If the question is read strictly (which modern nation “started” Christmas), the answer is: none. Christmas emerged out of late-Roman/early-Christian practice centered in the Mediterranean (notably Rome) and from many earlier and later cultural strands across Europe and the Near East. So while the Roman church played a central role in fixing December 25 and shaping formal liturgy, the holiday’s customs and evolution are pan-European and trans-cultural. In short, Christmas is a composite festival shaped by many peoples and eras rather than a national invention.

7. Why do we still say “Merry Christmas” — and what about “Happy Christmas”?

“Merry” historically suggested festive cheer, high spirits, and good will; “Merry Christmas” became the conventional seasonal salutation in early modern English.
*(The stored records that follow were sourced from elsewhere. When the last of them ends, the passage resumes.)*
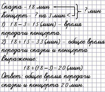 4. По радио передавали сказку 18 мин, а концерт на 3 мин меньше. Объясни, что означают выражения:
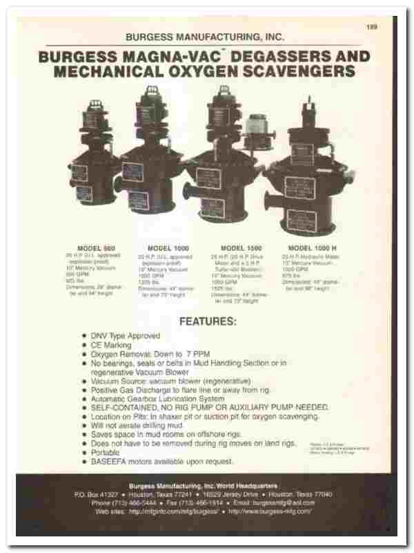 Original 1998 Oil and Gas trade vintage catalog for BURGESS MANUFACTURING, INC. Main office and plant were located at 16529 Jersey Drive, Houston, TX.
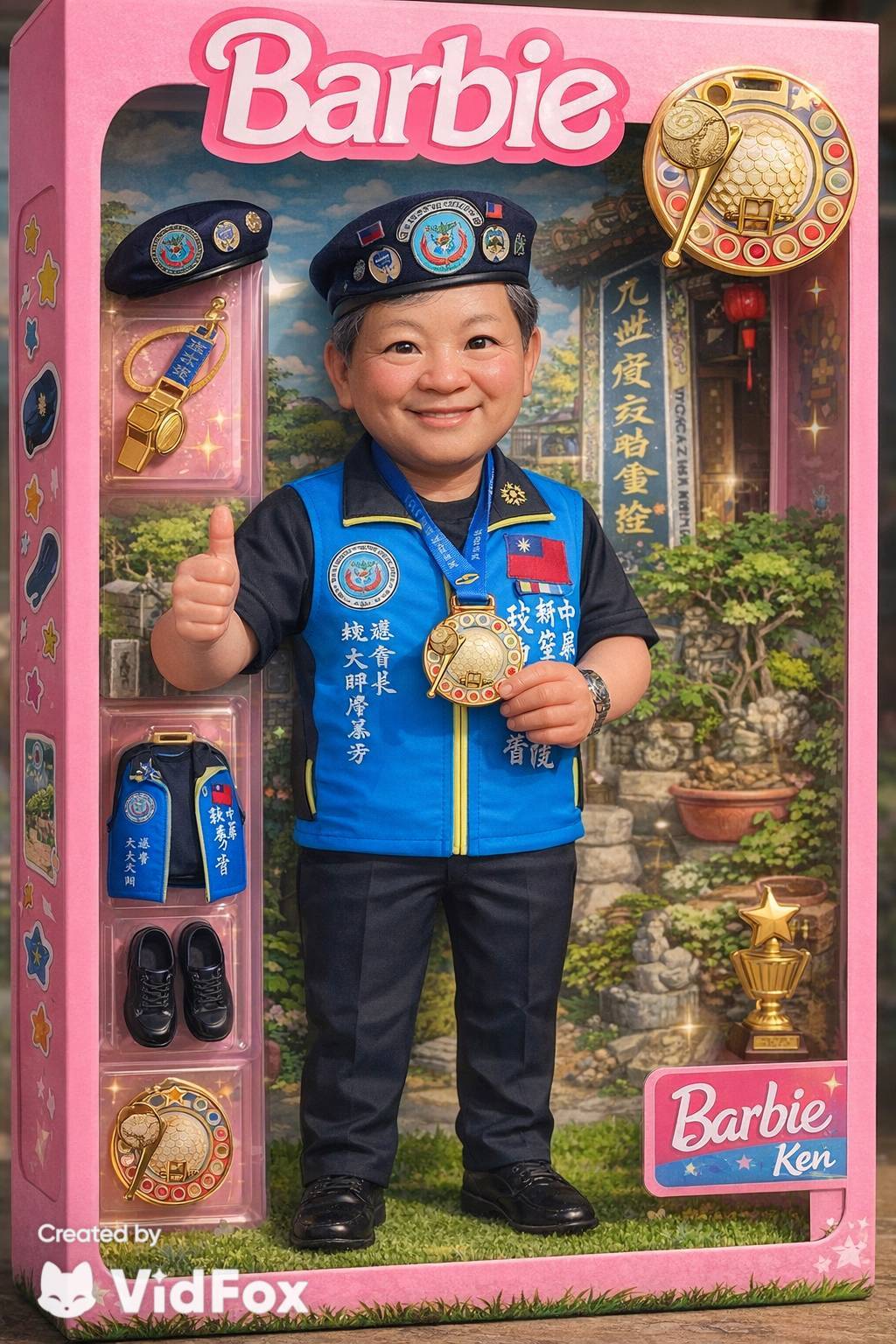 榮耀勝利獎章直徑8公分,藍色漸層半球體吊帶,由書法協會理事長,氣象陳進展學長行草執筆,左右各書寫空軍航空技術學院90週年校慶,中央軍事院校校友盃第11屆全國慢速壘球錦標賽字樣,創造性、誠意性,話題十足。
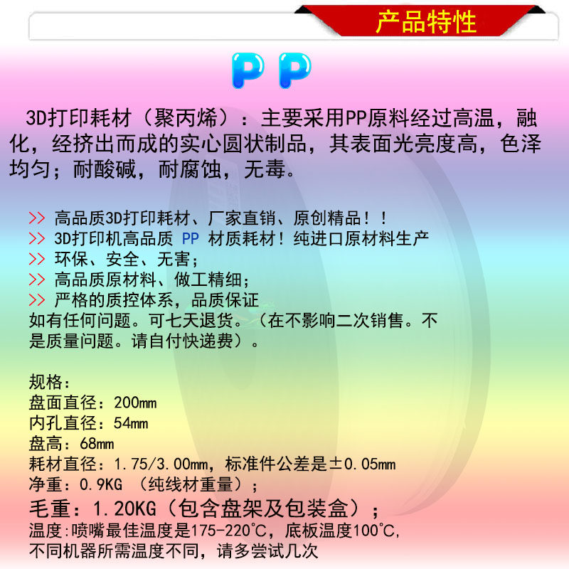 PP расходные материалы FDM проволочная полипропилен 3D -печата
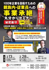 経営者様必見!「100年企業を目指すための親族内・従業員への事業承継丸わかりセミナー」開催
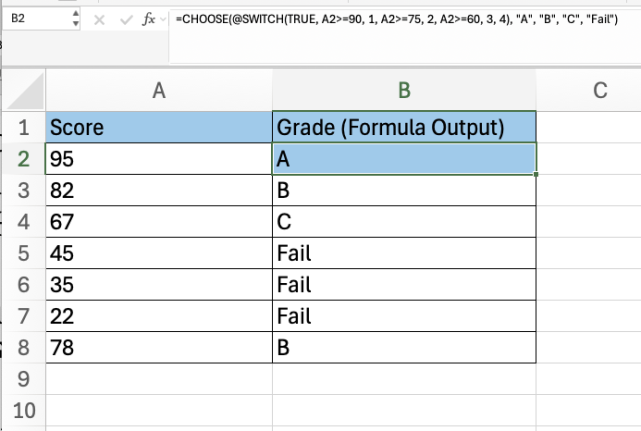 Let’s say you want to grade scores into A, B, C, or Fail by using the SWITCH function to determine the correct category based on score ranges and then using CHOOSE to return the corresponding grade label.
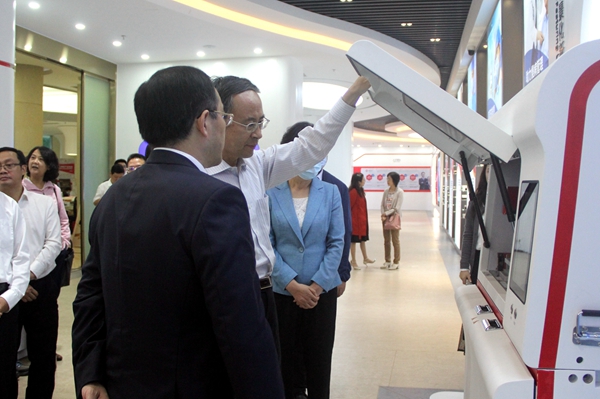 在参观实验室时,万立骏主席一行详细了解了350vip浦京集团新冠核酸检测方案、HPV检测方案、呼吸道检测方案以及血筛检测方案等一系列“350vip浦京集团方案”。
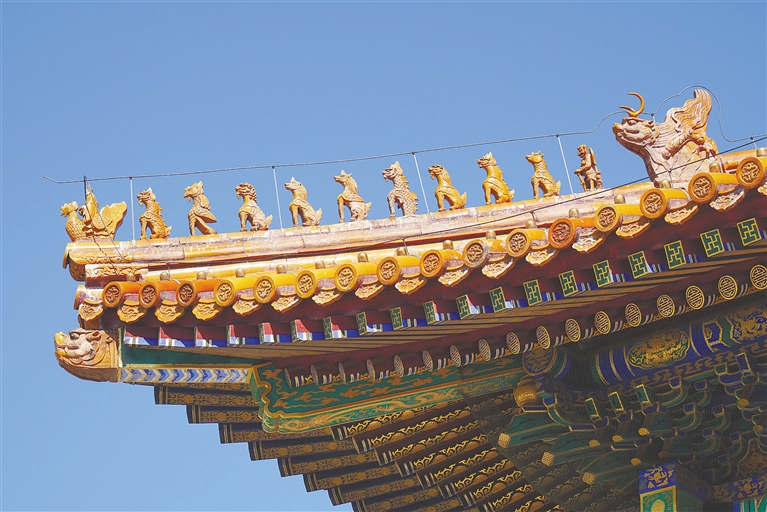 纵览故宫建筑,除太和殿外,其他建筑上的脊兽数量依次递减:保和殿、皇极殿九兽,太和门、中和殿七兽,东西六宫五兽,亭台阁院三或一兽。
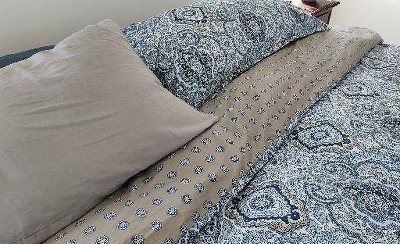 This was an awesome purchase for my husband and I as this is our first "matching" bedding. Very soft after the first wash. 100% cotton is very breathable (we are hot sleepers) and soft on my sensitive skin. There are ties on the insideThe colors are brighter than in the pictures, but we liked it still. The reverse side is nice as well. The only thing I would be weary of is the queen size is somewhat small for a normal queen mattress. A full on fluffy queen down comforter inside this duvet would be too big. So it Does run Small.

Over time regional preferences emerged: “Merry Christmas” is common in the United States and much of the Anglosphere, while “Happy Christmas” has sometimes been preferred in British royal usage and among those who wish a slightly less raucous nuance than “merry.” Both expressions are used interchangeably today, and modern multilingual societies add many other seasonal greetings.

8. What to remember

  • Christmas as a holiday is the product of many cultures and centuries, not a single country.

  • Rome played a crucial institutional role in fixing December 25 as the official date by the 4th century, but many customs came from earlier pagan midwinter festivals (Saturnalia, Yule) and later folk practices.

  • The phrase “Merry Christmas” is attested in English from the 16th century, and the modern family-centered, charitable, and commercial form of Christmas was largely shaped in the 19th century and spread globally.

9. FAQ

Q: When was Christmas first celebrated on December 25?
A: Evidence shows Rome observed Christmas on December 25 by 336 CE, with the date becoming widespread during the 4th century.

Q: Did Christmas replace a pagan festival?
A: Theories say December 25 was chosen partly to Christianize popular midwinter festivals (e.g., Saturnalia, Sol Invictus), though other theological calculations were also influential.

Q: When does “Merry Christmas” first appear in records?
A: The phrase appears in English documents by the 1530s and features in carols and seasonal greetings thereafter.

Q: Why do some churches celebrate Christmas in January?
A: Some Orthodox churches follow the Julian calendar for liturgical dates; their December 25 corresponds to January 7 on the modern Gregorian calendar.